**Given material:**
= Beginning of Section =

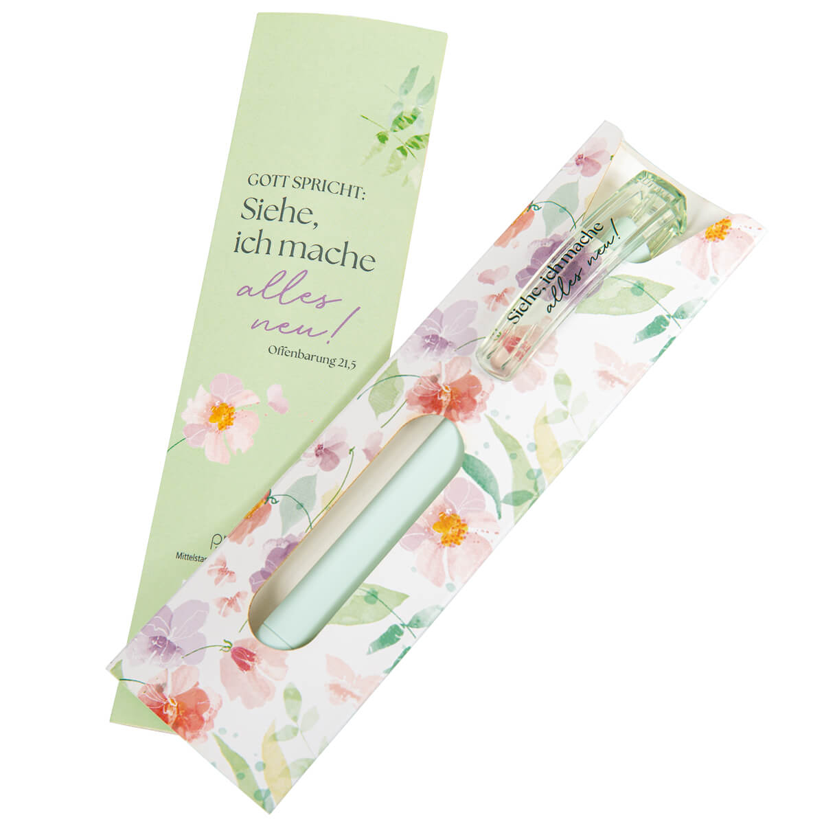 Kugelschreiber ist in einem stabilen Papp-Etui mit Jahreslosungsmotiv verpackt.
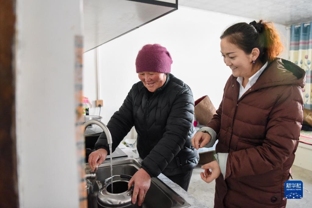在新疆福??h解特阿熱勒鎮(zhèn)京什開(kāi)薩爾村,村干部(右)來(lái)到前不久剛接通自來(lái)水的村民家中了解水質(zhì)情況(2021年11月25日攝)。新華社記者 丁磊
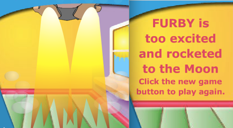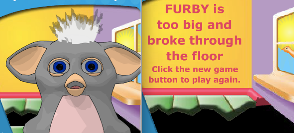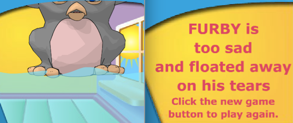 As it was one of the more interactive options on Hasbro, I ended up playing Feed My Furby a lot. However, do not conflate engagement with enjoyment. For every time I finished a round of Feed My Furby, I felt a little more confused, a little more upset, and a little more afraid than I was before. Malaise in Flash game format. The game has long since been removed from the website proper, but the Internet never forgets, so I revisited the pixellated kitchen where I learned what trauma was.
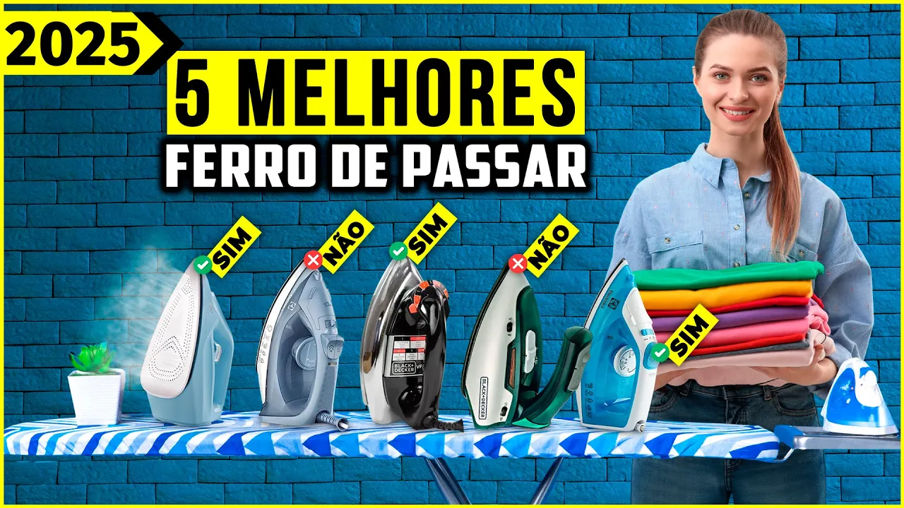 procurando por um ferro de passar roupa e não sabe qual escolher para ajudar você nós do comprou avaliou fizemos vários testes Até chegar na lista dos cinco melhores modelos do mercado atualmente mas antes de conhecer o top cin lembre-se de se inscrever e dar um like isso nos ajuda a trazer mais guias todas as [Música] semanas em quinto lugar nós temos o Oster GCS TBS 5907 se você desejar um ferro de passar roupa bom e barato essa é a melhor opção sua base antiaderente com microfuros permite um deslizamento suave e rápid rpo enquanto o cabo

= End of Section =

**About this task:**
Please write out all of the data verbatim, with no pictures in the copy.

**Exercise response:**
 Kugelschreiber ist in einem stabilen Papp-Etui mit Jahreslosungsmotiv verpackt.
在新疆福??h解特阿熱勒鎮(zhèn)京什開(kāi)薩爾村,村干部(右)來(lái)到前不久剛接通自來(lái)水的村民家中了解水質(zhì)情況(2021年11月25日攝)。新華社記者 丁磊
 As it was one of the more interactive options on Hasbro, I ended up playing Feed My Furby a lot. However, do not conflate engagement with enjoyment. For every time I finished a round of Feed My Furby, I felt a little more confused, a little more upset, and a little more afraid than I was before. Malaise in Flash game format. The game has long since been removed from the website proper, but the Internet never forgets, so I revisited the pixellated kitchen where I learned what trauma was.
 procurando por um ferro de passar roupa e não sabe qual escolher para ajudar você nós do comprou avaliou fizemos vários testes Até chegar na lista dos cinco melhores modelos do mercado atualmente mas antes de conhecer o top cin lembre-se de se inscrever e dar um like isso nos ajuda a trazer mais guias todas as [Música] semanas em quinto lugar nós temos o Oster GCS TBS 5907 se você desejar um ferro de passar roupa bom e barato essa é a melhor opção sua base antiaderente com microfuros permite um deslizamento suave e rápid rpo enquanto o cabo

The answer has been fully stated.